## DATA FOR ANALYSIS
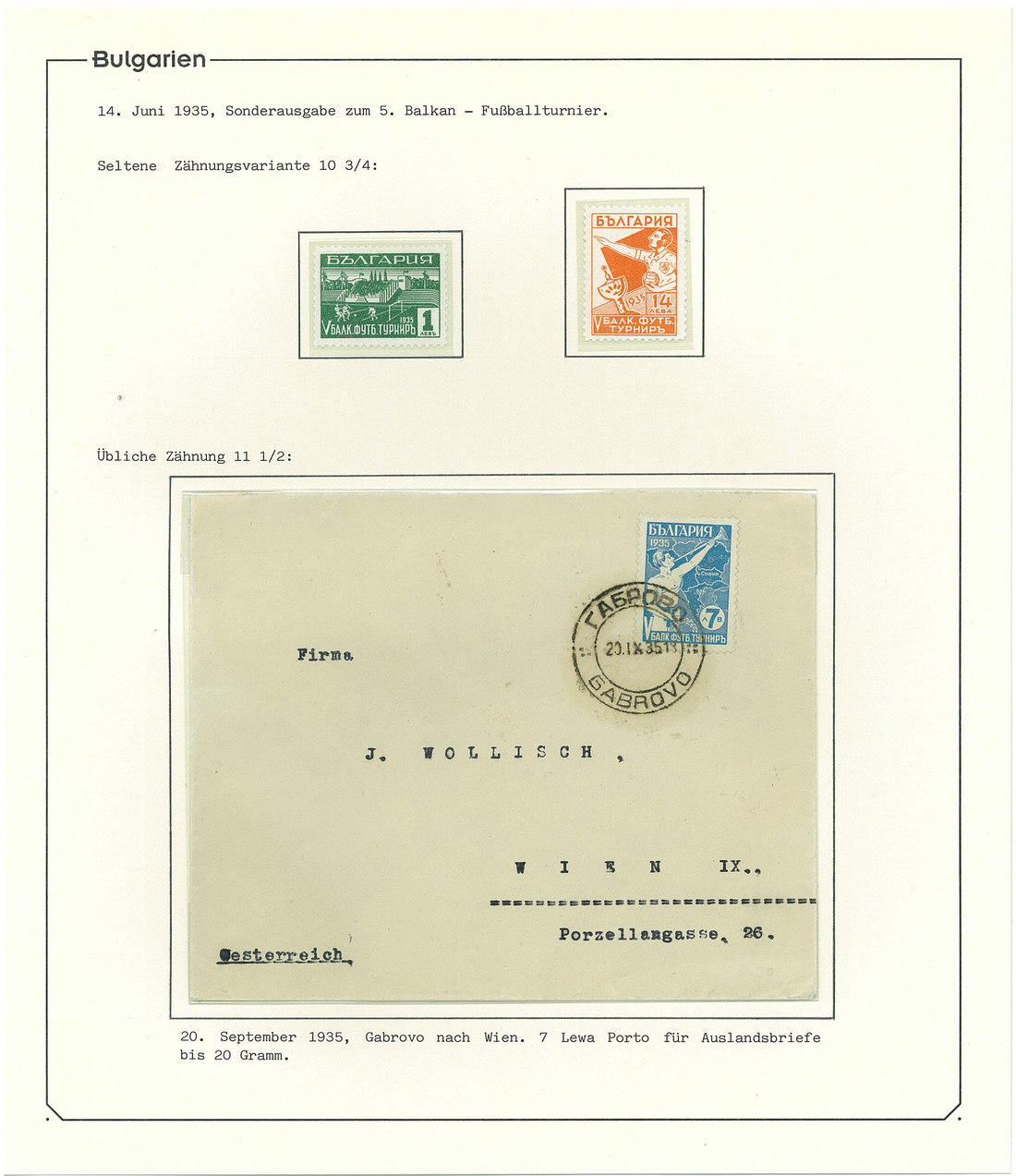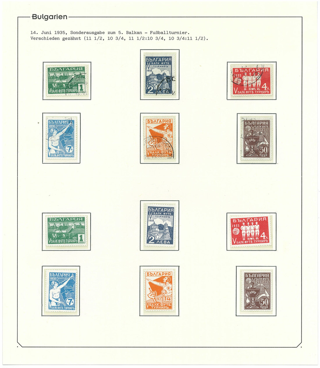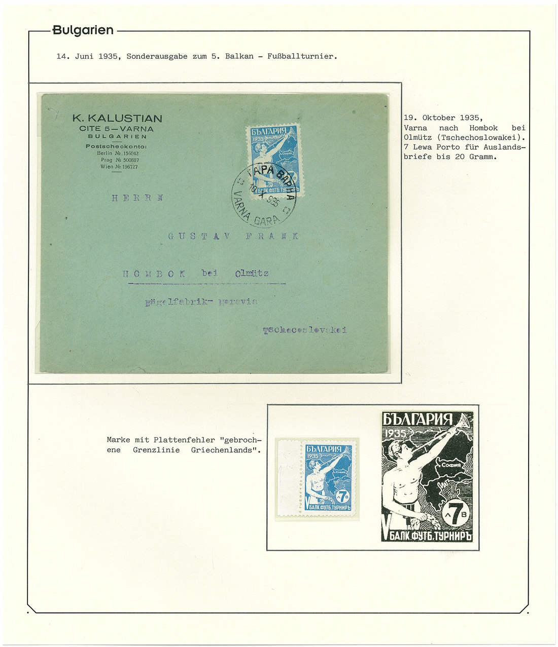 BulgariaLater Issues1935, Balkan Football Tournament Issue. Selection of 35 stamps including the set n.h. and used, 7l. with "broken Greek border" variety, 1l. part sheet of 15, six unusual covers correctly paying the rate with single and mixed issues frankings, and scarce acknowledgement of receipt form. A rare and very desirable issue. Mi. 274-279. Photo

---

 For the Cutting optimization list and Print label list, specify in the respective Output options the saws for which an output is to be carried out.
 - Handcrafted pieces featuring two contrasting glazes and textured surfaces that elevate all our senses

## EXERCISE GOAL
The exact lines of the material above starting at the one that contains "For the Cutting" and ending at the one that contains "- Handcrafted pieces" are what to retype; leave out everything else.

## RESPONSE TO THIS TASK
 For the Cutting optimization list and Print label list, specify in the respective Output options the saws for which an output is to be carried out.
 - Handcrafted pieces featuring two contrasting glazes and textured surfaces that elevate all our senses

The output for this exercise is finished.